| Literature DB >> 33923796 |
Claudia Caudai1, Monica Zoppè2, Anna Tonazzini1, Ivan Merelli3, Emanuele Salerno1.
Abstract
The three-dimensional structure of chromatin in the cellular nucleus carries important information that is connected to physiological and pathological correlates and dysfunctional cell behaviour. As direct observation is not feasible at present, on one side, several experimental techniques have been developed to provide information on the spatial organization of the DNA in the cell; on the other side, several computational methods have been developed to elaborate experimental data and infer 3D chromatin conformations. The most relevant experimental methods are Chromosome Conformation Capture and its derivatives, chromatin immunoprecipitation and sequencing techniques (CHIP-seq), RNA-seq, fluorescence in situ hybridization (FISH) and other genetic and biochemical techniques. All of them provide important and complementary information that relate to the three-dimensional organization of chromatin. However, these techniques employ very different experimental protocols and provide information that is not easily integrated, due to different contexts and different resolutions. Here, we present an open-source tool, which is an expansion of the previously reported code ChromStruct, for inferring the 3D structure of chromatin that, by exploiting a multilevel approach, allows an easy integration of information derived from different experimental protocols and referred to different resolution levels of the structure, from a few kilobases up to Megabases.
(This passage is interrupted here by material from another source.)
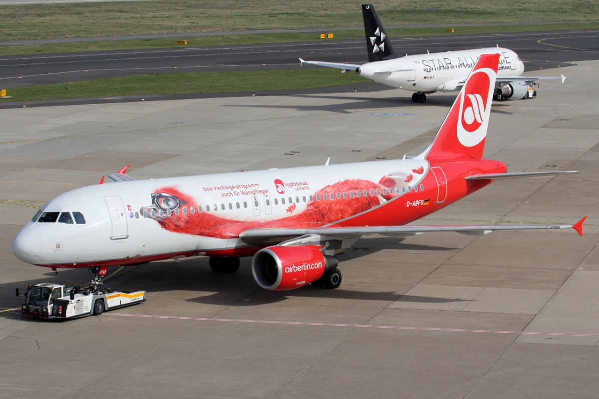 Air Berlin D-ABFO beim Push Back in Düsseldorf 14.4.2015

Our results show that the introduction of chromatin modelling features related to CTCF CHIA-PET data, histone modification CHIP-seq, and RNA-seq data produce appreciable improvements in ChromStruct's 3D reconstructions, compared to the use of HI-C data alone, at a local level and at a very high resolution.Entities:
Keywords: CHIP-seq; CTCF CHIA-PET data; HI-C data; RNA-seq; bayesian statistics; chromatin conformation; chromatin conformation capture
Year: 2021 PMID: 33923796 PMCID: PMC8072831 DOI: 10.3390/biology10040338
Source DB: PubMed Journal: Biology (Basel) ISSN: 2079-7737
Figure 1Flow of ChromStruct: (blue) the input HI-C contact frequency matrix is subdivided in diagonal blocks. (red) Chromatin fibre is modeled as a chain of partially penetrable beads and subdivided into sub-chains. (green) Geometrical perturbations are performed in the quaternion algebra and the solution space is sampled by a Bayesian method. (violet) As the last step, a multilevel 3D reconstruction generates chromatin output conformations (gray) that are compatible with input and constraints.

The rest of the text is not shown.